Attention focused on fresh data on esomeprazole, a successor to Losec, the antiulcerant that is its lead product facing patent expiry. The group said the new drug, to be marketed under the brand name of Nexium, had been filed with the US Food and Drug Administration. However, analysts were left wanting more.
"The data didn't support the idea that Nexium would be a substantially better product than Losec, as the market had been led to believe," said one analyst.
"Nexium has got to blow people's socks off, but the case for it is still inconclusive," said Paul Diggle, analyst at SG Securities.
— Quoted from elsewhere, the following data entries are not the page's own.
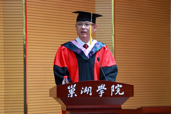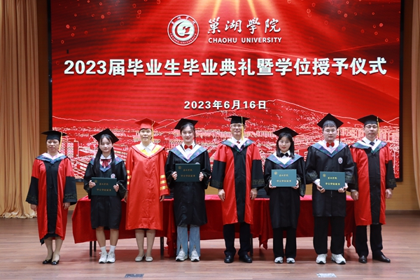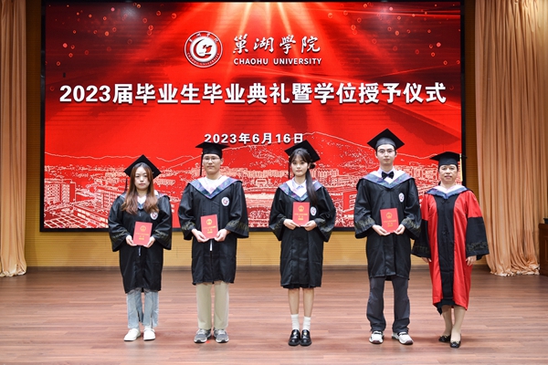 6月16日上午,巢湖學院在求實樓報告廳隆重舉行2023屆畢業生畢業典禮暨學位授予儀式。校領導周峰、張莉、朱定秀、丁俊苗出席畢業典禮。校直單位主要負責人,各學院黨政主要負責人,畢業生代表,校友代表,全體畢業班輔導員,畢業生家長代表參加典禮。此次畢業典禮采取線上和線下同步連線直播方式進行。典禮由校黨委書記周峰主持。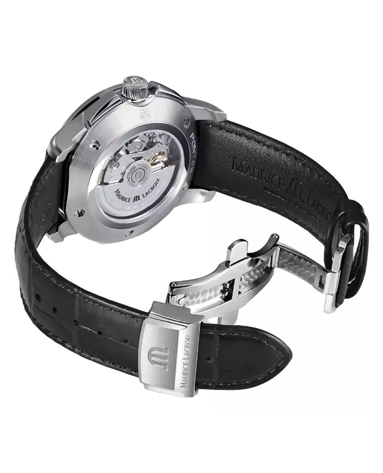 Мужские швейцарские часы Maurice Lacroix Pontos Day Date PT6358-SS001-230-2, механический механизм (автоматический калибр) с высокой точностью. Часы PONTOS являются образцом элегантности и утонченности и в то же время подтверждают нашу репутацию производителя доступных часов класса люкс.В механизме 26 камней, частота 28800 полуколебаний в час. Запас хода 38 часов. Сапфировое стеклоСапфировое стеклоПрочный и надёжный материал из кристалла сапфира синтетического происхождения, характеризующийся особой твёрдостью и устойчивостью к царапинам и повреждениям. устойчивое к появлению царапин, обладающее высокой прозрачностью. Корпус изготовлен из нержавеющей стали. Стрелки с люминесцентным покрытиемЛюминесцентное покрытиеПозволяет считывать показания времени в темноте. Производители наносят на стрелки, часовые индексы, безель или поверхность циферблата светонакопительный состав, дающий холодное свечение.. Окошко даты в положении 3 часов, окошда дня недели в положении 12 часов. Класс водозащиты: 100 метров, позволит плавать, нырять и заниматься другими водными видами спорта. Кожаный ремешок на застёжке-бабочке с кнопкамиЗастёжка "бабочка"Такой вид застёжки дополняется предохранителями, помогающими избежать случайного раскрытия браслета. Обладают изящным исполнением. .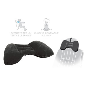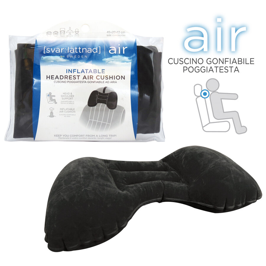 Il design unico offre un grande supporto alla testa e alle spalle. Le strisce in velcro mantengono il poggiatesta ben fissato. Ideale per lunghi viaggi e si adatta perfettamente ad automobili, aerei, treni.. Il materiale floccato è confortevole, morbido e traspirante. La valvola di sicurezza dell'ugello di soffiaggio impedisce la fuoriuscita dell'aria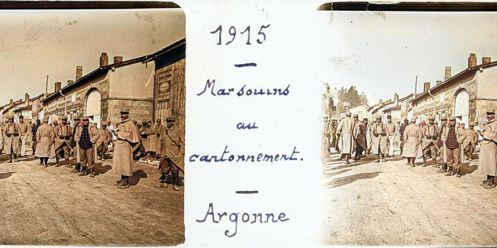 Possibly the Moroccan division - https://en.wikipedia.org/wiki/Moroccan_Division_(France)Image Id: 4658 Contributor: The Jordan/Ference Collection Theatre: Western Front Subject: Behind the Lines Location: Argonne Regiment: Unknown Service Arm: Marines Battle: Unknown Date: 1915 Combatants: French Publisher: Gueidan Source: French Directory: Gueidan full set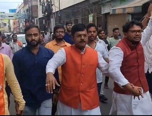 अवैध बूचड़खानों के खिलाफ हिंदू संगठन का निगम घेराव, पुलिस रोकने पर हनुमान चालीसा पाठ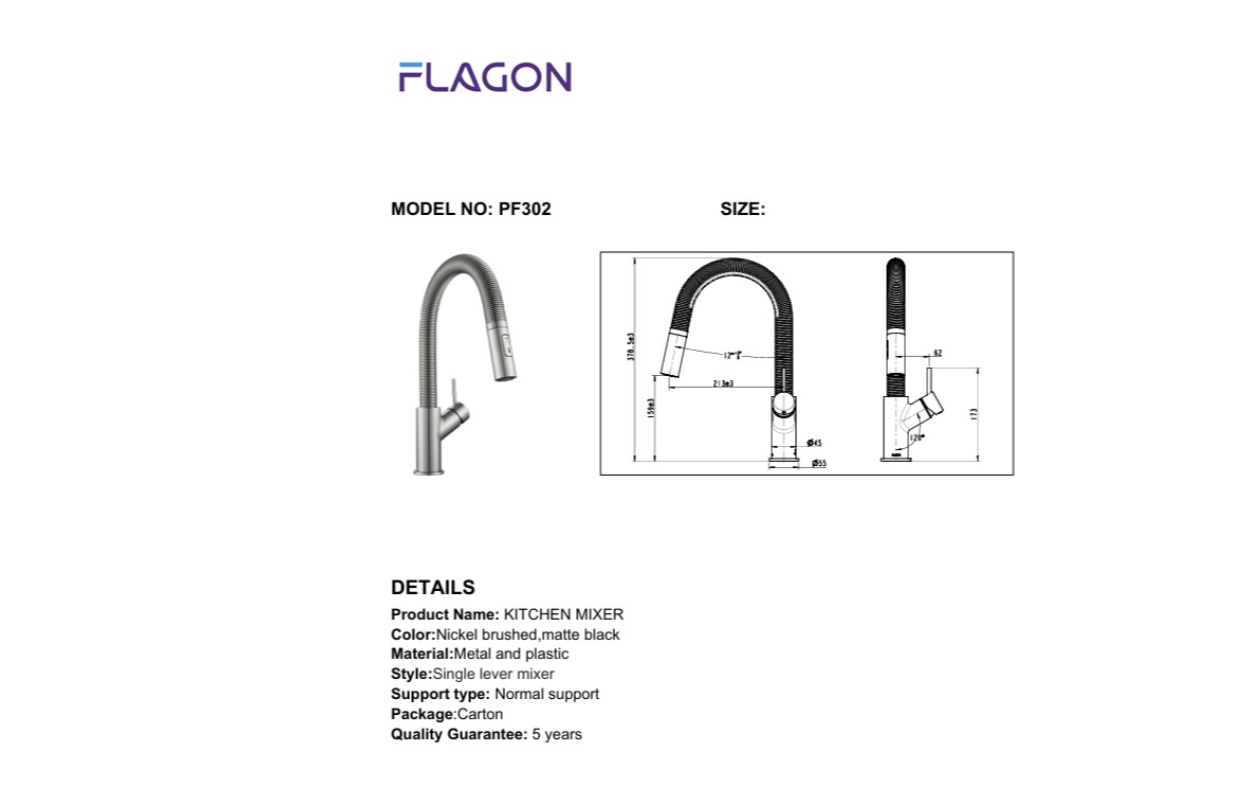 شطاف صحي كروم فاخر FLAGON موديل BP028-HY09-NK

AstraZeneca said Nexium was as effective in four weeks as Losec in eight. Losec, the world's most prescribed antiulcerant, comes off patent in the United States in 2001.
AstraZeneca has had mixed success in seeking patent extensions in countries where Losec's patent has already expired.
However, bullish statements on other products helped limit the damage to the shares inflicted on by downgrades to the sector by brokers concerned that US healthcare budgets would be slashed in 2000.
The company said it intended to be the world leader in all areas of cardiovascular, gastrointestinal, cancer and pain control treatments by 2010.
ZD4522, a so-called "superstatin" for lowering cholesterol levels, showed signs in trials of being more efficacious than the present class leader. The group said it had commenced final-stage trials on an oral thrombosis treatment, the first real advance in the field in 50 years.
The group said it aimed to double the value of its drugs portfolio within five years. Dr Claes Wilhelmsson, AstraZeneca's R&D director, said: "These are challenging targets. This company demands nothing less. I am confident we can exceed expectations in future."